La Corte d’appello poi si è fatta carico della circostanza che la piccola V. aveva parlato in un primo tempo di penetrazioni anali e tuttavia nell’esame anatomico svolto su tale parte del corpo presso il reparto antiviolenza della Clinica (OMISSIS) era stato rilevato solo un inspessimento delle pliche anali, valutato sintomo aspecifico, che in ogni caso permetteva di escludere l’esecuzione dell’azione nella sua completezza.

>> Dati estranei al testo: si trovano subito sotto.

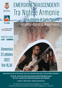 Domenica 23 ottobre, negli spazi della Pinacoteca Civica Levis Sismonda di Racconigi, in P.zza Vittorio Emanuele II, n.15 si svolgerà il primo doppio appuntamento collaterale alla Mostra Personale dell’artista Moira Franco intitolata “Emersioni trascendenti”, visitabile sino al 4 dicembre 2022. Alle ore 16.30 si terrà una visita guidata alla mostra, alla presenza dell’artista, mentre alle ore 17.30 il pubblico potrà assistere al concerto per chitarra del giovane e talentuoso musicista Carlo Pignatta, il quale offrirà una propria interpretazione musicale circa i temi affrontati visivamente in rassegna.  Il programma prevede un ricco repertorio, classico e moderno che, da Mysterious Habitats di D. Bogdanovic, passando per “Dal Decameron Negro: La Fuite des Amants par la Vallée des Èchos” di L. Brouwer e “Prelude and Waltz” di N. Koshkin, toccherà R. Dyens e N. D’Angelo, sino a offrire al pubblico alcuni brani composti da Pignatta e già pubblicati nei suoi EP “Circle”, del 2021 e “Ricordo”, uscito nel marzo del 2022. L’evento è pubblico a offerta libera – gradita la prenotazione.

La Corte ha però osservato che tale elemento di fatto non appariva idoneo a smentire l’attendibilità del narrato ricordando che non di rado i minori abusati riferiscano di penetrazione anche quando tale attività non sia compiuta nella sua interezza, percependo essi le ripetute pressioni esterne come atto pienamente invasivo, anche sulla base di un difficile canone interpretativo, conseguente all’inesperienza, oltre che per la particolare dolenzia comunque esistente, in ragione delle diversità di rapporto tra gli organi in contatto. In proposito la Corte ha richiamato le dichiarazioni della dott.ssa R., che sentita in udienza, ha riferito che le digitazioni anali non lasciano traccia, e che i piccoli, per la loro inesperienza, parlano di penetrazione anche quando l’organo sessuale viene solamente appoggiato.

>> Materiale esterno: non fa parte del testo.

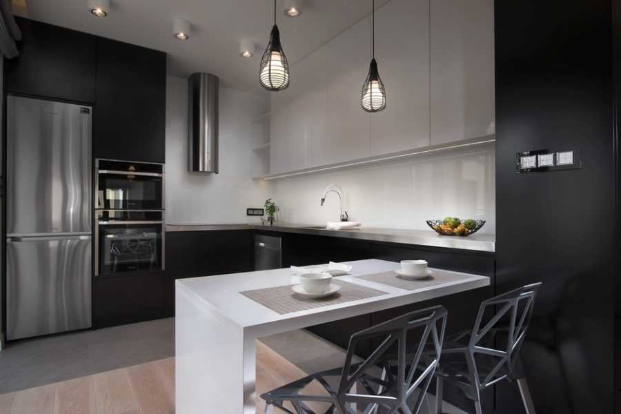 Однако для любителей черного у нас есть идеальное решение, а именно использование черно-белой кухонной мебели в качестве основных элементов оборудования. Такой контрастный вариант кухонного гарнитура не только будет выглядеть интересно, но и в небольшой степени исполнит мечты людей, которым нравятся темные интерьеры.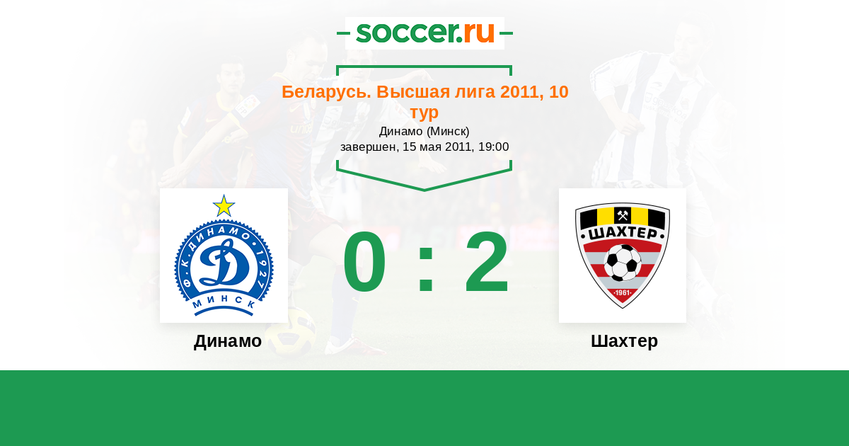 Беларусь. Высшая лига 19.09.2010 Шахтер Логотип футбольный клуб Шахтер (Солигорск) 3:0 Логотип футбольный клуб Динамо (Минск) Динамо

Per contro la Corte ha ritenuto che un riscontro di quanto riferito dalla minore era costituito dalla presenza di tracce ematiche nella sua biancheria, accertata dalla madre.

Quindi conclusivamente la Corte distrettuale, con una sentenza ampiamente ed accuratamente motivata, ha ritenuto pienamente credibile la narrazione dei fatti come esposti dalla parte offesa e degli abusi sessuali da essa subiti, così esprimendo un apprezzamento di merito ad essa devoluto, peraltro in totale sintonia con la valutazione, parimenti di merito, già operata dal primo giudice.

3. Pertanto il ricorso va rigettato con conseguente condanna del ricorrente al pagamento delle spese processuali.
P.Q.M.

La Corte rigetta il ricorso e condanna il ricorrente al pagamento delle spese processuali.

Testo non ufficiale. La sola stampa del bollettino ufficiale ha carattere legale.